(Beginning of Supplied data)

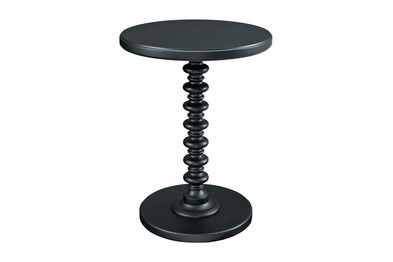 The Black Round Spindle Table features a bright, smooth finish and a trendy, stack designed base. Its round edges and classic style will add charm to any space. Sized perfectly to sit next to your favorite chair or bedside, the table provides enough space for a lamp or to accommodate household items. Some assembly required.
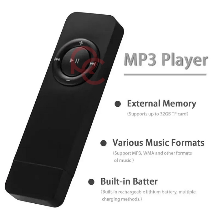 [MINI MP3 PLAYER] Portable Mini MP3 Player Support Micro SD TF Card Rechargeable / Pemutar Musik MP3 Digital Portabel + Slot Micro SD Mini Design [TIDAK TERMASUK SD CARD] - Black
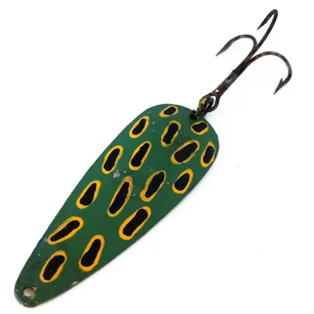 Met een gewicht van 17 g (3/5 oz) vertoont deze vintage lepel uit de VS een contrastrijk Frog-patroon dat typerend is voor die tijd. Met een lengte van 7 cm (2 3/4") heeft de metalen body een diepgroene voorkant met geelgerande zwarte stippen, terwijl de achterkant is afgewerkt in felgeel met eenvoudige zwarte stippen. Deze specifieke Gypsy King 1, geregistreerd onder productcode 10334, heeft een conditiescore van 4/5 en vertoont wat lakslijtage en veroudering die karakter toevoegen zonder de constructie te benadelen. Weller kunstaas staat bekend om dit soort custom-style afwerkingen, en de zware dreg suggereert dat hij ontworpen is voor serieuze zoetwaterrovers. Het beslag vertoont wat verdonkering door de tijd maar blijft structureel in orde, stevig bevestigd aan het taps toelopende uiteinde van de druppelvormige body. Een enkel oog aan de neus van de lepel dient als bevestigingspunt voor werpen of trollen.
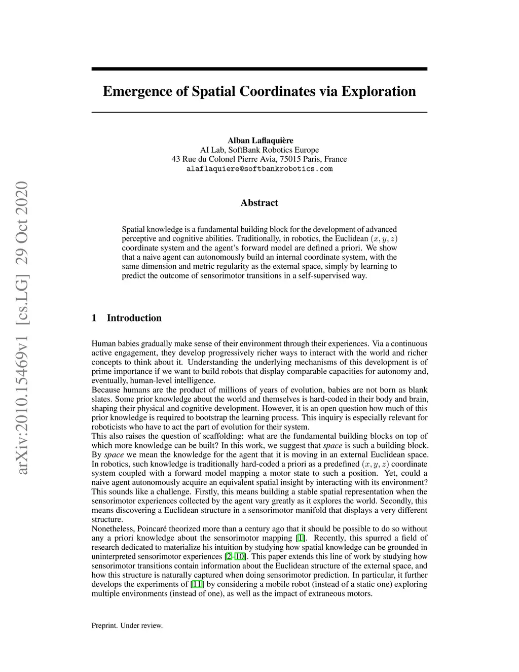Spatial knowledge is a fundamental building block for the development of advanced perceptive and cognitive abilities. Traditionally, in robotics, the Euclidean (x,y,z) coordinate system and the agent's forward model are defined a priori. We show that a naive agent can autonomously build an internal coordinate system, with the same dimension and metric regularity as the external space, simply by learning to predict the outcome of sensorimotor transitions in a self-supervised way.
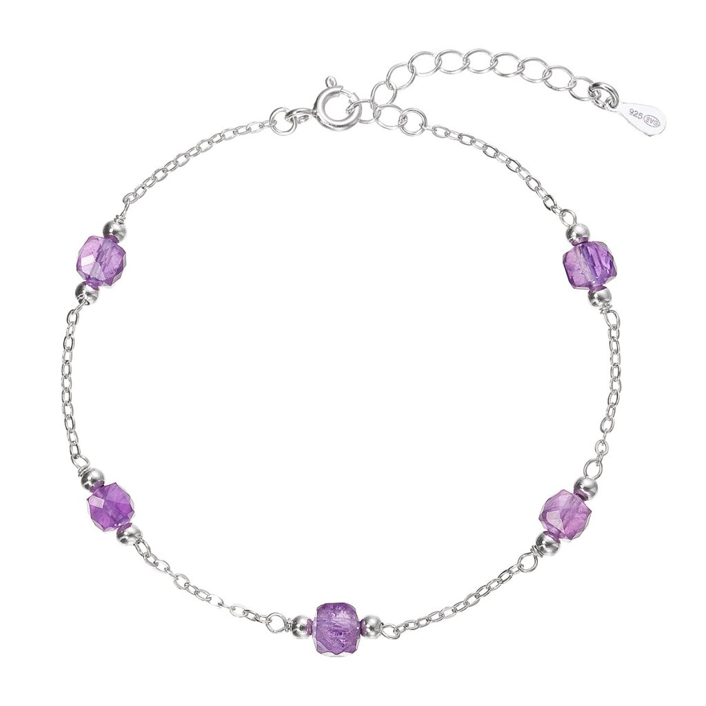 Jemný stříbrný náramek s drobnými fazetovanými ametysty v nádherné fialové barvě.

(End of Supplied data)

### Task description
When you reach the line containing "Spatial knowledge is" in the entries above, please retype it and each line after it through the last one, exactly, without the pictures.

### Answer area
Spatial knowledge is a fundamental building block for the development of advanced perceptive and cognitive abilities. Traditionally, in robotics, the Euclidean (x,y,z) coordinate system and the agent's forward model are defined a priori. We show that a naive agent can autonomously build an internal coordinate system, with the same dimension and metric regularity as the external space, simply by learning to predict the outcome of sensorimotor transitions in a self-supervised way.
 Jemný stříbrný náramek s drobnými fazetovanými ametysty v nádherné fialové barvě.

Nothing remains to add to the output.